20.9.14

Capítulo Vinte e Oito - Maratona (2/3)







– EU LHE disse. Eu não lhe disse que ele iria surtar quando visse meu “eu” de verdade? – esbravejava Demi, enquanto andava pelo escritório de Miley às 8h da manhã seguinte.
Ela não conseguiu esperar até a hora do almoço para encontrar a amiga, e aquela certamente não era uma conversa para ser travada por telefone. Não, uma queixa daquele nível requeria que fosse pessoalmente, cara a cara.
Então ela limpou as lágrimas, se dando o trabalho apenas de passar rímel e colocar o cabelo para trás com uma faixa de couro. A calça jeans era pura provocação, pois ela sabia que iria para o escritório do pai.
– Talvez tenha sido outra coisa – disse Miley, mordiscando o polegar. A pobre loura estava tentando comer um pãozinho, quando Demi irrompeu pela sala. Mastigar as unhas era um substituto nutricional um tanto pobre. – Talvez ele estivesse nervoso porque você estava fazendo anotações sobre o trabalho dele. Talvez ele tivesse achado que você simplesmente, sabe, leria e lhe faria afagos na cabeça ou coisa assim.
– Talvez ele tenha ficado sem palavras ao ver minha calça larga, meu suéter e minha cara oleosa.
O revirar de olhos de Miley obrigou Demi a desacelerar, a esquecer a dor e pensar.

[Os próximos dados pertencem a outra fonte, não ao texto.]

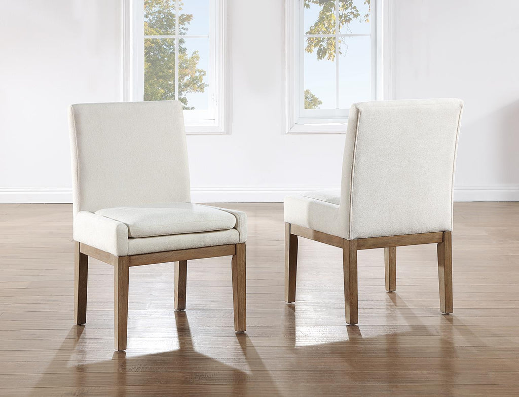 The Aubrey Parsons Chair: offers an elegant addition to the Aubrey collection that effortlessly elevates any room's ambiance. Crafted with an eggshell cover made from 100% polyester, this chair offers a perfect blend of comfort and style. Featuring a plush 6-inch cushioned seat, it provides unparalleled comfort for extended seating. The stylish driftwood finish, wire brushed and accented with waxy hangup, adds a touch of rustic elegance to any space. Whether for dining, as an office chair, or as a stylish accent piece in a living room, the Aubrey Parsons Chair is versatile and sure to brighten any room. Experience the perfect fusion of comfort and sophistication with Aubrey.
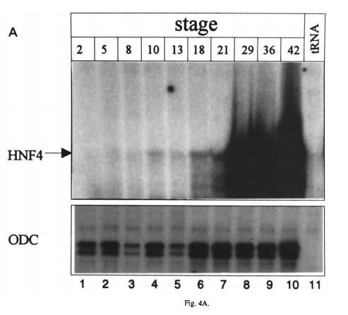 amounts of HNF4 mRNA in early embryonic stages. The lower part shows an RNase protection experiment using a probe for the omithine decarboxylase
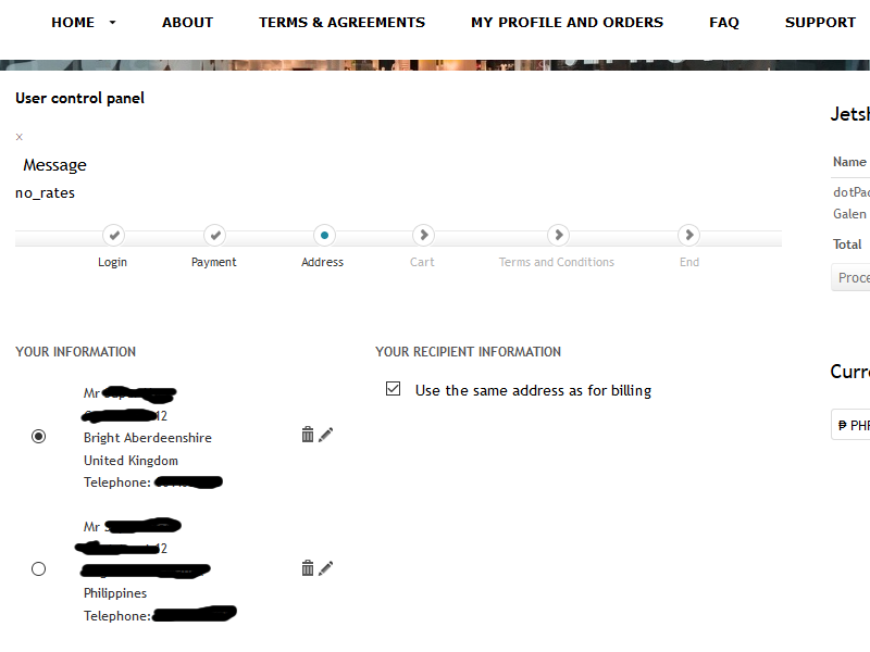 $errors['no_rates'] = JText::_('NO_SHIPPING_METHOD_FOUND');So I don't know what is displaying you the error message but it does not read the right part in the array.
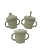 Kubek silikonowy z wkładem ze stali nierdzewnej i trzema nakładkami: ustnik, słomka, niewysypek.
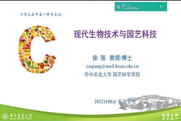 11月8日晚七点整,十大网投正规官网果树系教授徐强以“现代生物技术与园艺科技”为主题,通过腾讯会议向山西省长治市第五中学的高二年级学生开展科普讲座。
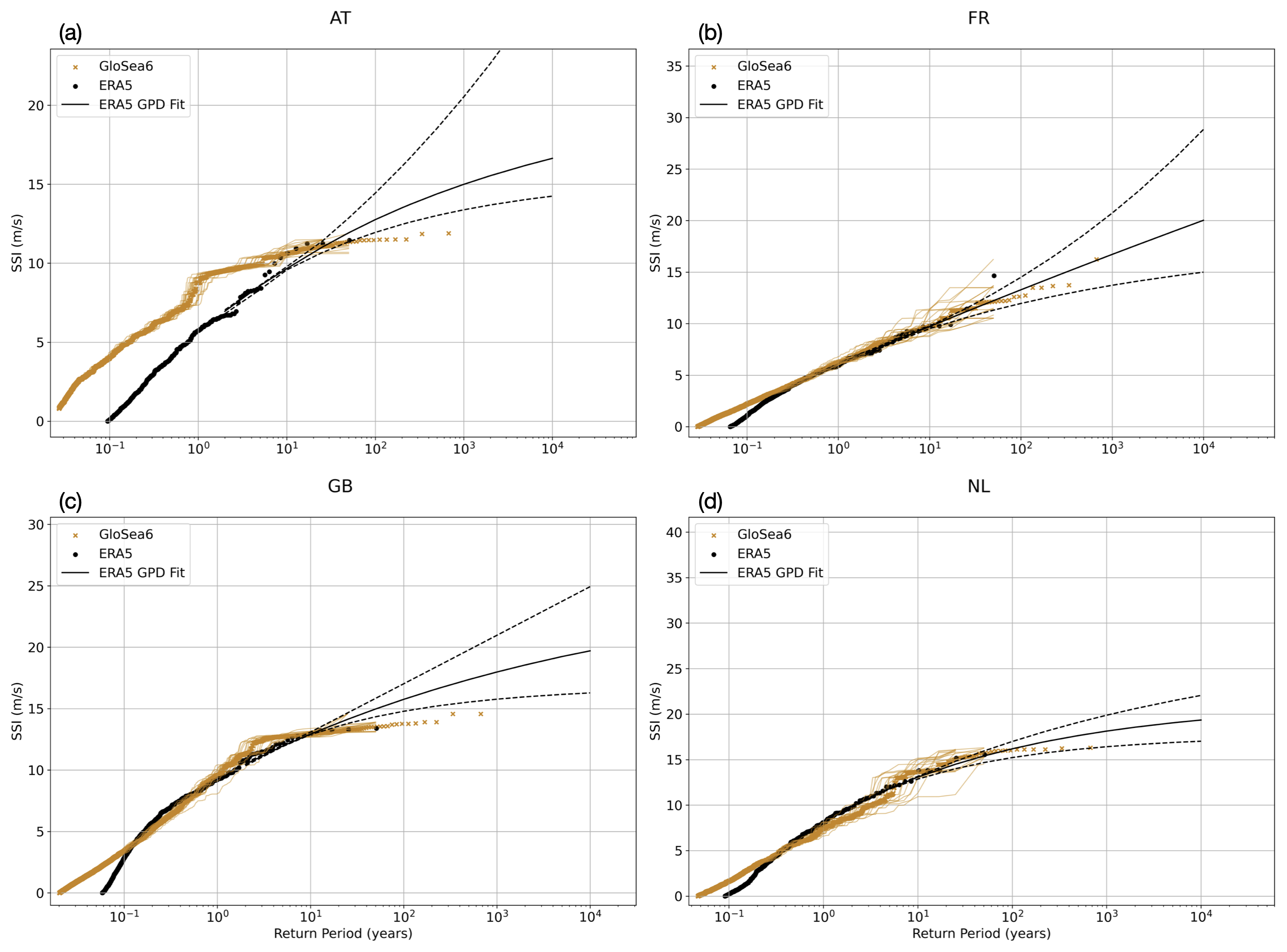 Figure 8SSI curve against return period (note the x axis is on a log scale), for the GloSea6 event set (orange) and ERA5 event set (black) for (a) Austria, (b) France, (c) Great Britain and (d) the Netherlands. SSI values for ERA5 are here calculated using the hourly 10 m wind gust since previous post-processing at 0.25 × 0.25° resolution as follows. Event dates in the ERA5 event catalogue are extracted for storms between 1972 and 2022 and the SSI is calculated based on the 3 s peak gust using a 20 m s−1 threshold using Eq. (1). A Generalized Pareto Distribution (GPD) is fitted to the reference catalogue following the Peaks Over Threshold (POT) method. The median fit (black solid lines) and its corresponding uncertainty (black dashed lines) are shown. The uncertainty of the GPD fit results from the selection of the threshold and parameters of the fit. This is reported to 95 % confidence intervals. The thresholds for the POT method are selected based on the 85th–95th percentiles of SSI values. For GloSea6, SSI values for the full event set are shown in orange crosses, while the orange lines show 20 samples of these, each of 50 randomly selected seasons. An additional bias correction is included here whereby the GloSea6 curve is shifted vertically so that the SSI value at a return period of 10 years is equal to that in ERA5.

– Talvez seja porque minhas resenhas estão vencendo, por isso ele está bravo. Quero dizer, ele declarou publicamente que, se eu vencesse, ele teria de acrescentar emoção às suas histórias. – Mesmo tendo dito em voz alta, no fundo Demi sabia que não era por isso. Ela havia lido os originais de Joe depois de ele ter ido embora, três vezes, esperando se perder na história e se esquecer da dor por causa de sua partida abrupta.
Ele havia chamado de rascunho cru. Ela chamava de brilhantismo puro. As emoções jorravam das páginas, entoavam uma mistura perfeita de ação e intensidade.

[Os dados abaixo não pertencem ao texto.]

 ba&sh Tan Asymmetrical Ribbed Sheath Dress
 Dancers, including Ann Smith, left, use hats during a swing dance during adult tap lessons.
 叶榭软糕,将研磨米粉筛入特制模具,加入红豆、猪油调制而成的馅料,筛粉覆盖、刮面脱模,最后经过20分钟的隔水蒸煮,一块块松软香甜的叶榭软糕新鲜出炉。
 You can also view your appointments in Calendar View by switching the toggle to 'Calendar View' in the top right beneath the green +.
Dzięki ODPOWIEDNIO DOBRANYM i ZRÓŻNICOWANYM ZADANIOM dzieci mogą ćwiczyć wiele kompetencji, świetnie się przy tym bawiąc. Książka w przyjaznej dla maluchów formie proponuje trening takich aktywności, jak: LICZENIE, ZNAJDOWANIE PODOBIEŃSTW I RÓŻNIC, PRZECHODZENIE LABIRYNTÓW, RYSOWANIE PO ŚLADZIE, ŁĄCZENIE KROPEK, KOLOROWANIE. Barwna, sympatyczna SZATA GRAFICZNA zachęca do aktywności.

– Não – murmurou ela. – Não teve nada a ver com a aposta. Teve a ver comigo.
– Ai, meu Deus, você precisa parar com isso – gritou Miley, batendo as mãos na mesa. – Sério, por que você faz isso consigo?

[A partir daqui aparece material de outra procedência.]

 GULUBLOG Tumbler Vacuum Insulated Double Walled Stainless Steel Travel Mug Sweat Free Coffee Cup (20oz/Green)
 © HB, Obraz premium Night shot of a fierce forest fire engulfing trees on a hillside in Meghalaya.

Chocada, Demi parou de andar para encarar a amiga.
– Está tão paranoica com essa máscara, essa porção falsa de você, que não vai aceitar que foi tudo por sua causa. A professora Demetria Lovato, crítica literária sensual da televisão. – As palavras furiosas de Miley atingiram Demi como explosões. – Você não é essa impostora com meia dúzia de personalidades compartimentadas. Você é uma mulher inteligente que finalmente se permitiu utilizar as ferramentas, as vantagens que a maioria das mulheres usa. Maquiagem, produtos para cabelo, roupas decentes e ajustadas.
– Não estou paranoica... – Demi começou a dizer, mas Miley a interrompeu.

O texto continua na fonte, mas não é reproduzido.